──────── RECORDS FOR THIS TASK ────────

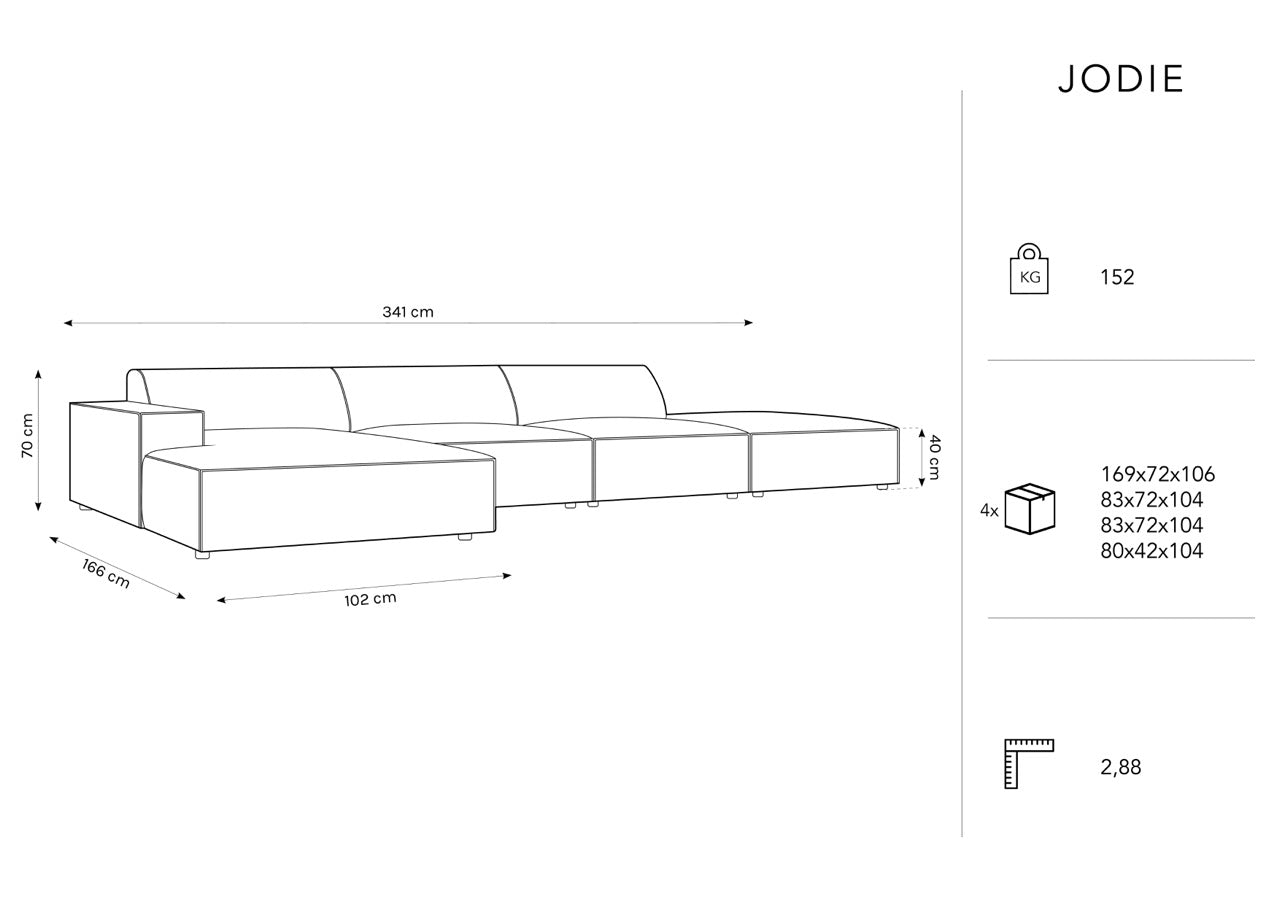Narożnik lewostronny 5-osobowy JODIE jasnoszary Micadoni    Eye on Design
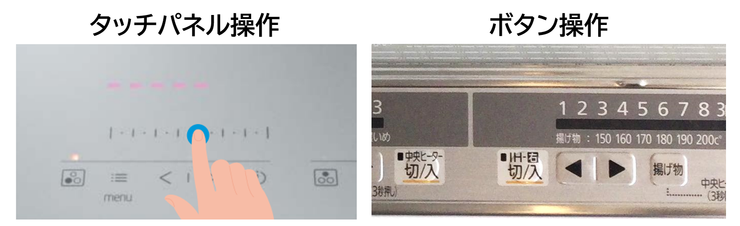 「ボタン式」の場合、しっかりボタンを押して操作できるので、操作の分かりやすさが魅力です。また、ボタン式のIHクッキングヒーターの方が、お手ごろ価格な商品が多い物魅力的です。
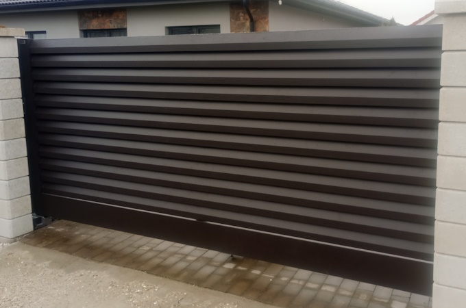 Horizontale Torsysteme, Sichtschutztore, Torsysteme aus Aluminium Alu Schiebetor „TRAVERTIN AL 200/P-20“
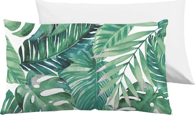 Set 2 Federe Novilunio Bifaccia Doubleface Stampa Digitale 100% Cotone Made in Italy Fantasia Foglie
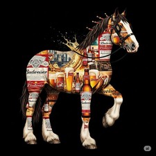 Budweiser - Clydesdales - Beer Girl - Painting Rare - Metal Sign 11 x 14
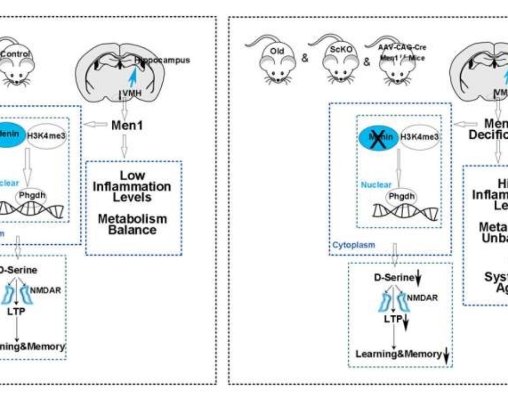 To test that, the authors delivered the gene for Menin into the hypothalamus of elderly (20-month-old) mice. 30 days later, they found improvements in skin thickness and bone mass, learning, cognition, and balance, which correlated with an increase in D-serine within the hippocampus.
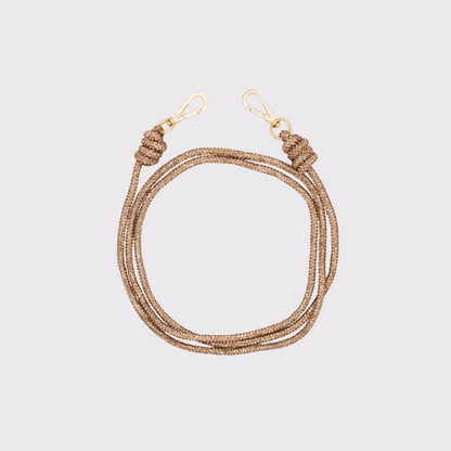 The cord is 124 cm long (hooks included) and can be worn as a strap or necklace. Its slim thickness of 4mm gives it an elegant and refined look.
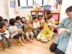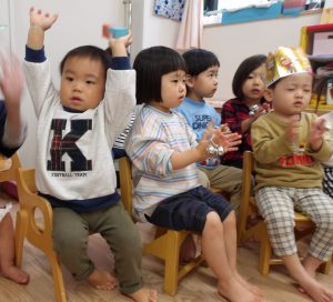 マラカスや指鈴などを手にして、リズムに合わせてフリフリシャカシャカ~♪♪
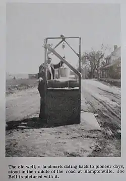 The old town well in Hamptonville. The Hampton Family House is in the background.
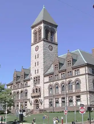 The Cambridge, Massachusetts City Hall is the city hall for Cambridge, Massachusetts, located at 795 Massachusetts Avenue, and built in the Richardsonian Romanesque style.[1] The building additionally serves as a centerpiece of the surrounding City Hall Historic District and adjacent Central Square Historic District.

────────

→ DIRECTIONS FOR THIS TASK
All that is required is the lines from the line containing "マラカスや指鈴などを手にして、リズムに合わせてフリフリシャカシャカ~♪♪" through the end of the records above, copied exactly, and none of the pictures.

→ ANSWER TO THIS PROBLEM
 マラカスや指鈴などを手にして、リズムに合わせてフリフリシャカシャカ~♪♪
 The old town well in Hamptonville. The Hampton Family House is in the background.
 The Cambridge, Massachusetts City Hall is the city hall for Cambridge, Massachusetts, located at 795 Massachusetts Avenue, and built in the Richardsonian Romanesque style.[1] The building additionally serves as a centerpiece of the surrounding City Hall Historic District and adjacent Central Square Historic District.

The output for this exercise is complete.